Bonnes vacances, bon été à toutes et tous, avec enfin, espérons-le, du soleil, à la mer, la campagne, la montagne; nous nous le souhaitons tous!



Derniers éléments de presse: (citations)

ROME, 13 juil 2007 (AFP) -
Le Premier ministre français François Fillon a déclaré vendredi à Rome qu'il n'y a "pas d'urgence à décider" sur le projet de fusion GDF/Suez lors d'une conférence de presse avec son homologue Romano Prodi.
"Il n'y a pas d'urgence à décider", a-t-il déclaré.
"Nous sommes prêts à explorer toutes les solutions sans a priori, sans esprit de repli sur soi", a-t-il ajouté.


Remarque: ceci a été dit après le voyage en Algérie de Sarkozy, sachant que la question GDF-Sonatrach y était à l'ordre du jour.




Nota: ci-dessous les dernières rumeurs distillées ... vu de certains milieux boursiers qui ne sont pas les amis de Mestrallet et Cirelli


Doutes sur la faisabilité de la fusion Suez-GDF
LAURENCE BOISSEAU
13 juillet 2007
La Tribune

La décision appartient à Nicolas Sarkozy. Mais, sur les marchés, les intermédiaires financiers considèrent que le projet de fusion va mourir de sa belle mort.

Plus le temps passe et moins nous croyons en une fusion entre Suez et Gaz de France ", indiquait hier un arbitragiste. Attendu mi-juillet sur ce sujet, Nicolas Sarkozy pourrait ne se prononcer finalement qu'à la fin du mois. De quoi conforter l'opinion de ceux qui doutent aujourd'hui encore plus qu'hier de la faisabilité de l'opération. " Tout est bien trop compliqué ", notait un banquier. Dans la catégorie obstacles insurmontables, la parité se pose là. La fusion originelle entre égaux, avec une parité de 1 action Suez contre 1 action GDF + 1 euro de dividende exceptionnel, a vécu. Depuis, l'écart entre les deux titres s'est creusé. Hier, à la clôture, il était de 4,76 euros. " On n'arrive pas à faire maigrir Suez. Quant à faire grossir Gaz de France, cela relève de la mission impossible, car tout est beaucoup trop cher ", note un analyste. De nombreux schémas ont pourtant été étudiés. De la vente des 57 % détenus dans Distrigaz, filiale belge spécialisée dans le négoce de gaz naturel, à la scission (spin off) de Suez Environnement, avec une mise en Bourse d'environ 25 % du capital. Une solution dont Gérard Mestrallet ne veut même pas entendre parler. Le président de Suez s'est toujours montré très attaché à la complémentarité des deux métiers, même en 2002, en pleine crise.

UN CALENDRIER COMPLIQUE

Autre cession dont l'éventualité a été envisagée, celle de Fabricom, filiale belge spécialisée dans l'installation de services techniques, notamment dans l'électricité.

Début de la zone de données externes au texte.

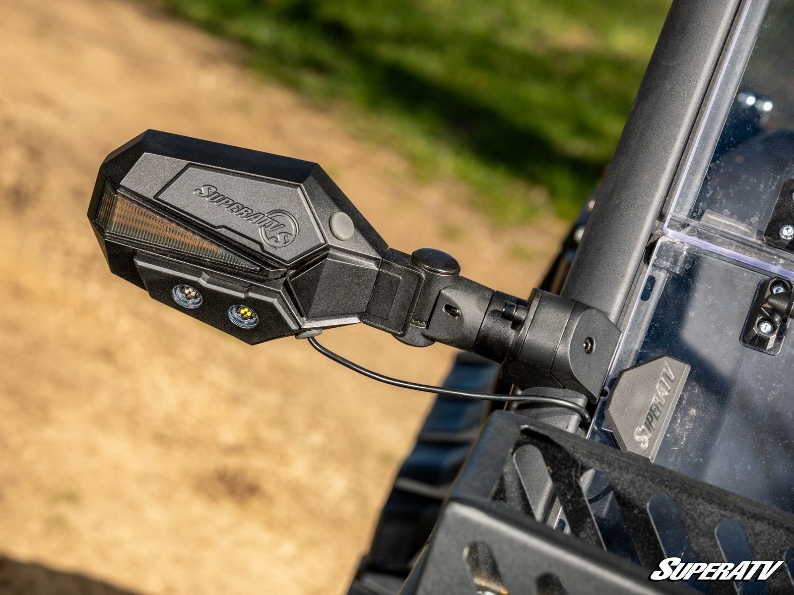 These side-view mirrors work twice as hard as any other mirror on the scene. They provide a crystal-clear rear view, plus they include bright front-facing lights. The lights work great to illuminate dark trails or as turn signals. You can even use them in two different colors, white or green!
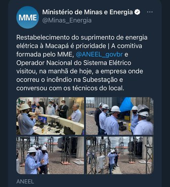 Para a assegurar que as ações necessárias estão sendo adotadas de forma diligente e rápida, o Ministro Bento Albuquerque, e os membros do gabinete de crise estão em Macapá para avaliar a situação do abastecimento energético do estado e buscar as linhas de ação para o restabelecimento da alimentação elétrica.
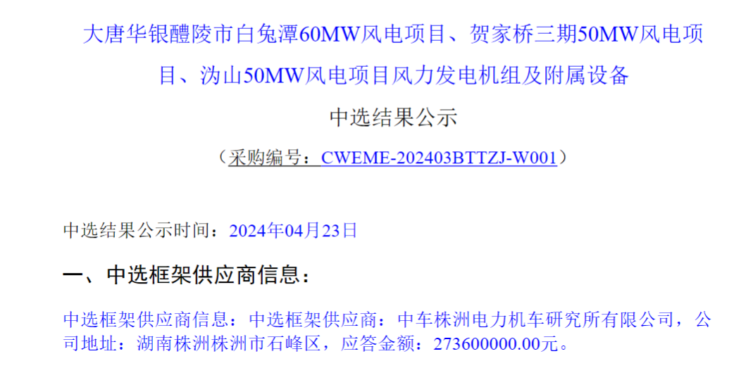 中車株洲電力機(jī)車研究所有限公司成功中標(biāo)大唐華銀醴陵市白兔潭60MW風(fēng)電項(xiàng)目、賀家橋三期50MW風(fēng)電項(xiàng)目、溈山50MW風(fēng)電項(xiàng)目,中標(biāo)價(jià)格為273600000.00元。
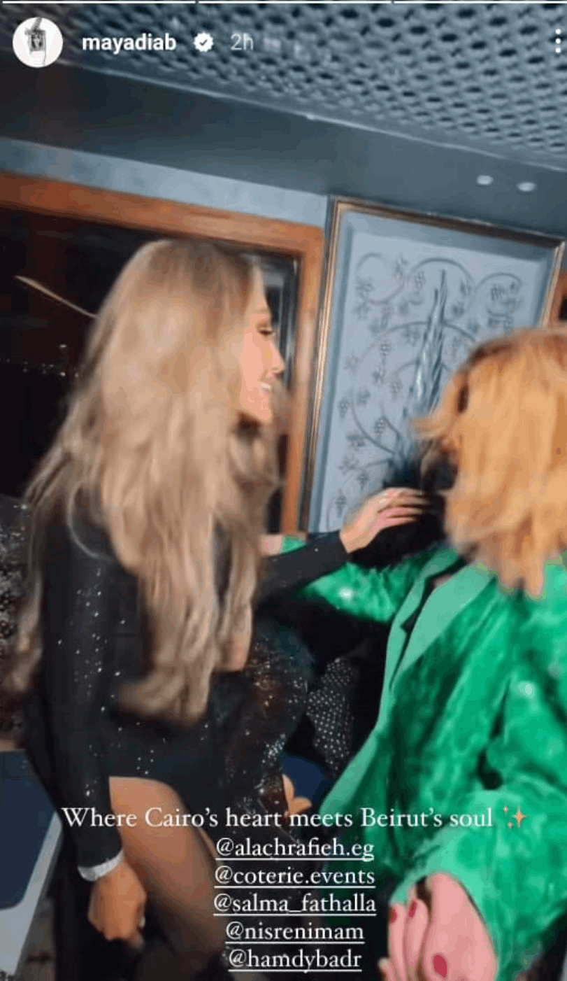 بعد ذلك، شاركت مايا في إحدى المناسبات في القاهرة، حيث لفتت الأنظار بإطلالتها المميزة، حيث ارتدت فستاناً طويلاً أسود اللون يتميز بفتحة تصل لأعلى الساق.

Ce n'est pas tout. D'autres pistes ont été abordées : un rachat d'actions Suez avec une prime, voire la distribution d'un dividende exceptionnel compris entre 4 et 5 euros aux actionnaires de Suez. Mais là, c'est l'État qui s'oppose. Et pour cause : l'addition s'en trouverait majorée de 5 milliards d'euros. Qui plus est, il ne saurait être question d'appauvrir la nouvelle entité. L'équilibre financier est délicat à trouver. L'État ne peut prendre le risque de voir la fusion retoquée par l'assemblée générale des actionnaires de Suez. D'autant qu'après tout, la fusion n'a jamais été un thème de campagne pour le président et qu'elle intervient dans un calendrier un peu compliqué. Dernier obstacle et non des moindres : les syndicats de Gaz de France qui ont déjà réussi à faire capoter le projet.

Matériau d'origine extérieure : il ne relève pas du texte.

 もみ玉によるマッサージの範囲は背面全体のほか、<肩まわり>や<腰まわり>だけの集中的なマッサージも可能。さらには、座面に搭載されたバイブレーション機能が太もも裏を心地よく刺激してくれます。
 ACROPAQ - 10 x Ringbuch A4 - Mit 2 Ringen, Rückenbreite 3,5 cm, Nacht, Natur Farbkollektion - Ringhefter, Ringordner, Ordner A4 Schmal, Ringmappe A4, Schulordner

Pour les marchés, les deux entreprises vont donc reprendre leur liberté. Pour lors, l'avenir de GDF est plus obscur. " L'important est de lui garantir l'accès aux ressources en gaz naturel ", explique une source proche du dossier. De son côté, Suez a déjà commencé à vivre sa vie en renforçant sa présence en Espagne. Fin mai, il a franchi le cap de 10 % du capital dans Gas Natural avec 11,3 % des titres. Seul, Suez sera certes plus exposé à un éventuel raid boursier. Outre E.ON, Iberdrola, qui pèse 49,8 milliards d'euros en Bourse, pourrait être un prédateur sérieux. L'espagnol n'a jamais caché son intérêt pour Gas Natural.